INSTRUCTIONS FOR THE TASK: Only one stretch of the data below is wanted: the lines starting at the one with "Upcoming field walk" and ending at the one with "McFunSoft Flash Decompile", both included, given again exactly.

INPUT DATA:
· · · ·

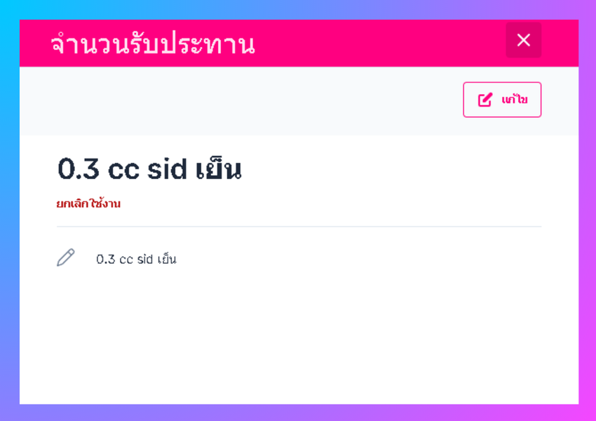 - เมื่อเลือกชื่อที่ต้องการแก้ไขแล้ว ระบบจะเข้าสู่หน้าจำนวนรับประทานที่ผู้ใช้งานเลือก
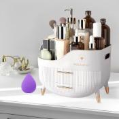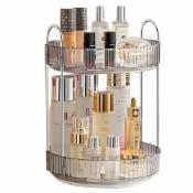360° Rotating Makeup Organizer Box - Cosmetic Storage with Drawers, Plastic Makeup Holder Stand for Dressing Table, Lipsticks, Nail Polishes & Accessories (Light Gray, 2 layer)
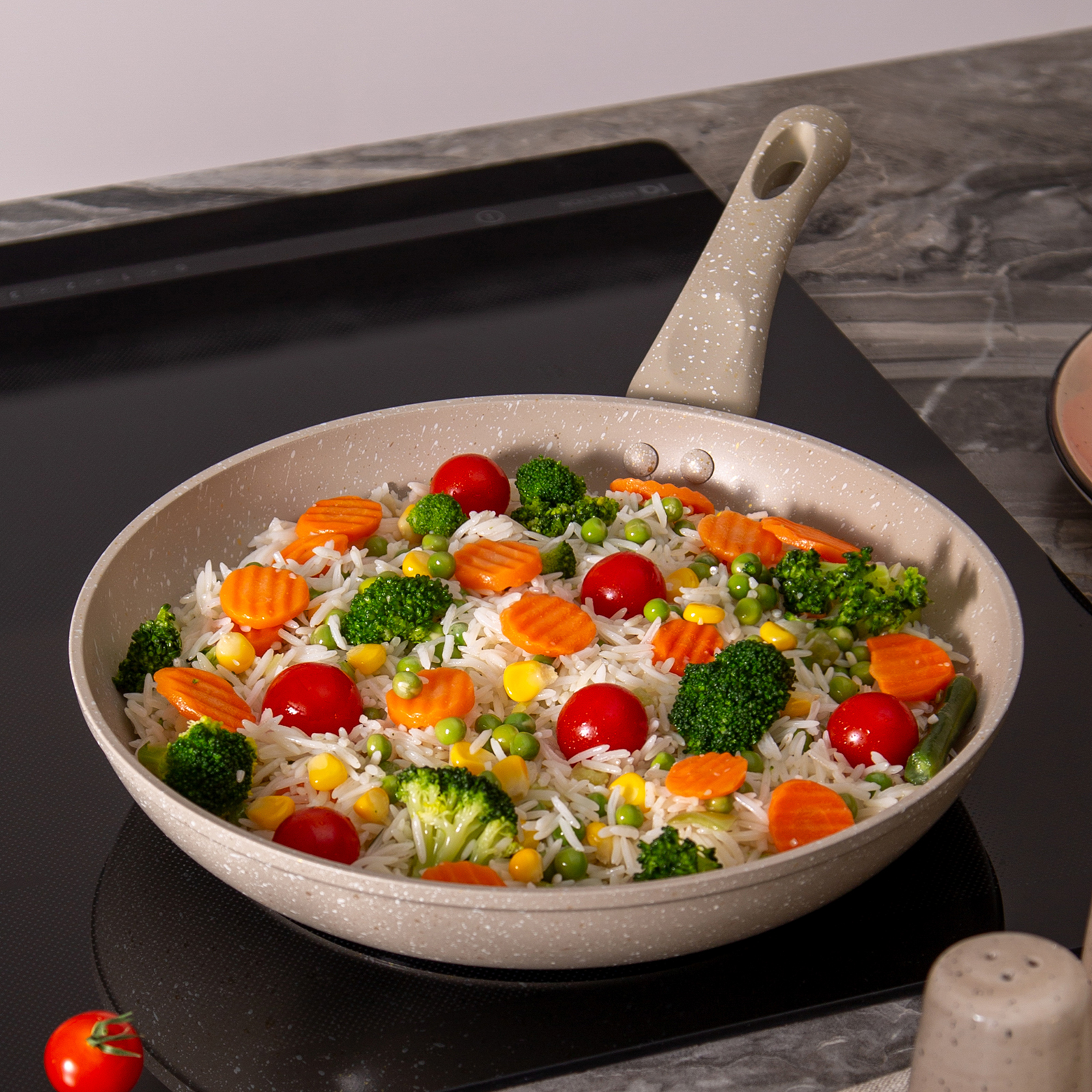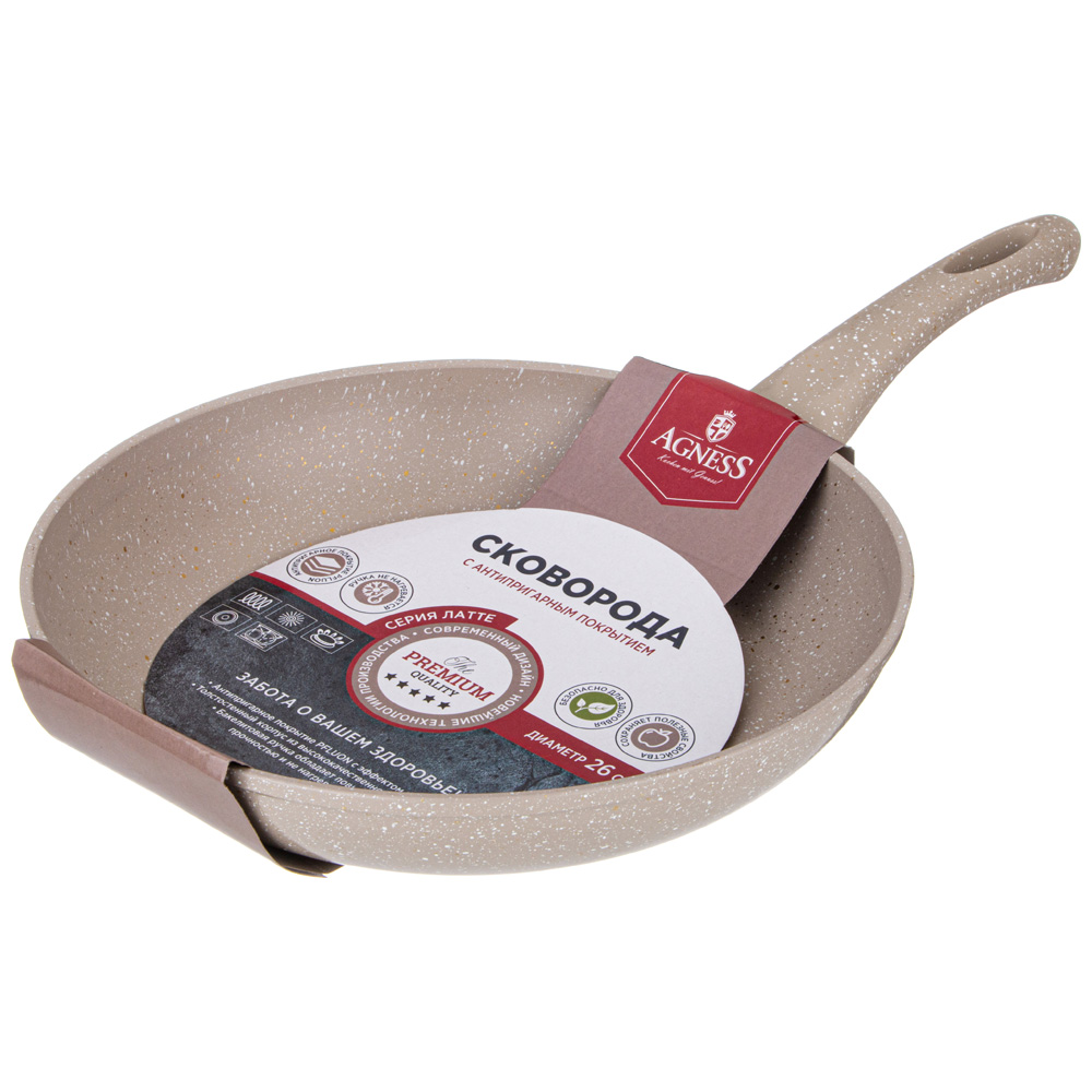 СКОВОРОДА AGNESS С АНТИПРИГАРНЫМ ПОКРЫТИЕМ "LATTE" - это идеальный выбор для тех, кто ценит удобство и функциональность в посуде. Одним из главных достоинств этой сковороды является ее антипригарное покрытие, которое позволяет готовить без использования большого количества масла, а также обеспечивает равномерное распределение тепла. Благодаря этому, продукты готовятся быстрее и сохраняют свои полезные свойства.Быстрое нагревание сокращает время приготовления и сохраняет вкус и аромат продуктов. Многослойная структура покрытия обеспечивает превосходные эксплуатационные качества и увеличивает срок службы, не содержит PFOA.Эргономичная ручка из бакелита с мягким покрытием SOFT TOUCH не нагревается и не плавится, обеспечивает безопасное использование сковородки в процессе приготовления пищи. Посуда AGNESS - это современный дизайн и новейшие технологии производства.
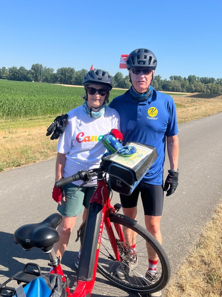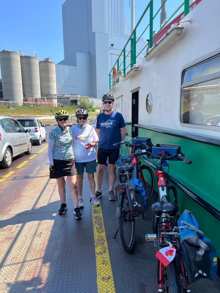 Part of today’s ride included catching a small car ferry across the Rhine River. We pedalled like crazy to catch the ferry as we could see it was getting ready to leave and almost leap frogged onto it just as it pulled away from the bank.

· · · ·

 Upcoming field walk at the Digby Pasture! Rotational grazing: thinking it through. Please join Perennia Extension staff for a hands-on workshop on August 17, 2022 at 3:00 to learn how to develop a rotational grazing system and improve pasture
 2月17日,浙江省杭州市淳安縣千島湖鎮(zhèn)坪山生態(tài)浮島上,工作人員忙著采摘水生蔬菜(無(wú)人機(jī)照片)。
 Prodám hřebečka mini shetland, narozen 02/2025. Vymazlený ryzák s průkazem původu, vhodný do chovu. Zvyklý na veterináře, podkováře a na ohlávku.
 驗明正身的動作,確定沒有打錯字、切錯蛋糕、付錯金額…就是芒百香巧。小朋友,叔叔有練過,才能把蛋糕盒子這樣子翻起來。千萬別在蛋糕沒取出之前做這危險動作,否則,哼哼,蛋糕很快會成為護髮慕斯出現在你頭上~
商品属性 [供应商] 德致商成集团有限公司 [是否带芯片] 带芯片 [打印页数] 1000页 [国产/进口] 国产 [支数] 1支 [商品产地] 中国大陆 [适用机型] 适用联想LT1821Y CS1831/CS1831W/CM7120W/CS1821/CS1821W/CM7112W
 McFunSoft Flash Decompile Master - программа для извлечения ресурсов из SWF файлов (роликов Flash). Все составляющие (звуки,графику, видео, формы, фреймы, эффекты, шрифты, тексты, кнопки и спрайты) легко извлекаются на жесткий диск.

· · · ·

RESPONSE TO THE TASK:
 Upcoming field walk at the Digby Pasture! Rotational grazing: thinking it through. Please join Perennia Extension staff for a hands-on workshop on August 17, 2022 at 3:00 to learn how to develop a rotational grazing system and improve pasture
 2月17日,浙江省杭州市淳安縣千島湖鎮(zhèn)坪山生態(tài)浮島上,工作人員忙著采摘水生蔬菜(無(wú)人機(jī)照片)。
 Prodám hřebečka mini shetland, narozen 02/2025. Vymazlený ryzák s průkazem původu, vhodný do chovu. Zvyklý na veterináře, podkováře a na ohlávku.
 驗明正身的動作,確定沒有打錯字、切錯蛋糕、付錯金額…就是芒百香巧。小朋友,叔叔有練過,才能把蛋糕盒子這樣子翻起來。千萬別在蛋糕沒取出之前做這危險動作,否則,哼哼,蛋糕很快會成為護髮慕斯出現在你頭上~
商品属性 [供应商] 德致商成集团有限公司 [是否带芯片] 带芯片 [打印页数] 1000页 [国产/进口] 国产 [支数] 1支 [商品产地] 中国大陆 [适用机型] 适用联想LT1821Y CS1831/CS1831W/CM7120W/CS1821/CS1821W/CM7112W
 McFunSoft Flash Decompile Master - программа для извлечения ресурсов из SWF файлов (роликов Flash). Все составляющие (звуки,графику, видео, формы, фреймы, эффекты, шрифты, тексты, кнопки и спрайты) легко извлекаются на жесткий диск.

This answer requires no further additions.